**Extracted records**
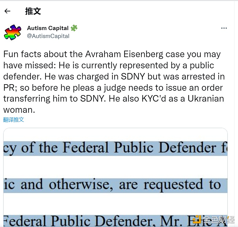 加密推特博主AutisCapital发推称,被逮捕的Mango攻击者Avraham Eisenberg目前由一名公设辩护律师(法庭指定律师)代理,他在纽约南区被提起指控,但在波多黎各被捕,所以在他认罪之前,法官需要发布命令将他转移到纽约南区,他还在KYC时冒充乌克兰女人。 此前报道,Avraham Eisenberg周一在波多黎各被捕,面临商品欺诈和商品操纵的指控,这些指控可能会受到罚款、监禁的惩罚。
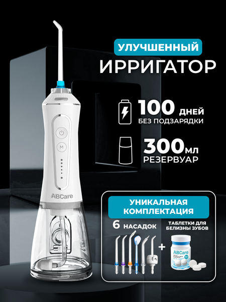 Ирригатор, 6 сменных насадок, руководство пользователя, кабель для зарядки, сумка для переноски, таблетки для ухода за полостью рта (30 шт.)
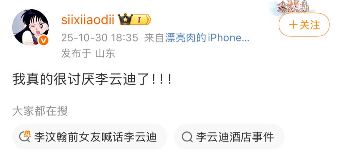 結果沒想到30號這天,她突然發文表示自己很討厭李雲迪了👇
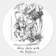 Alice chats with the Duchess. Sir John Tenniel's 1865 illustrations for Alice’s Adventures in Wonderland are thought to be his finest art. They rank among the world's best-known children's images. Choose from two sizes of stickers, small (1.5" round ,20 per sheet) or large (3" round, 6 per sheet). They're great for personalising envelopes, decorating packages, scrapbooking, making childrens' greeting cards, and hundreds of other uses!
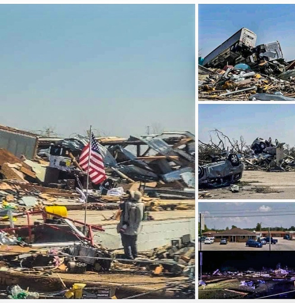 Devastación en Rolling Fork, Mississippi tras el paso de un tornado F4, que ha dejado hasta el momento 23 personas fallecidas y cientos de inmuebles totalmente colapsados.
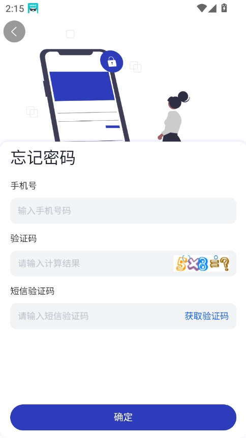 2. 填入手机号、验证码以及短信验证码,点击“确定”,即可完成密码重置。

**Problem to work on**
All lines above starting at the one with "Ирригатор, 6 сменных" and ending at the one with "Alice chats with", inclusive, are to be printed again exactly, with the pictures left out.

**Result of the task**
 Ирригатор, 6 сменных насадок, руководство пользователя, кабель для зарядки, сумка для переноски, таблетки для ухода за полостью рта (30 шт.)
 結果沒想到30號這天,她突然發文表示自己很討厭李雲迪了👇
 Alice chats with the Duchess. Sir John Tenniel's 1865 illustrations for Alice’s Adventures in Wonderland are thought to be his finest art. They rank among the world's best-known children's images. Choose from two sizes of stickers, small (1.5" round ,20 per sheet) or large (3" round, 6 per sheet). They're great for personalising envelopes, decorating packages, scrapbooking, making childrens' greeting cards, and hundreds of other uses!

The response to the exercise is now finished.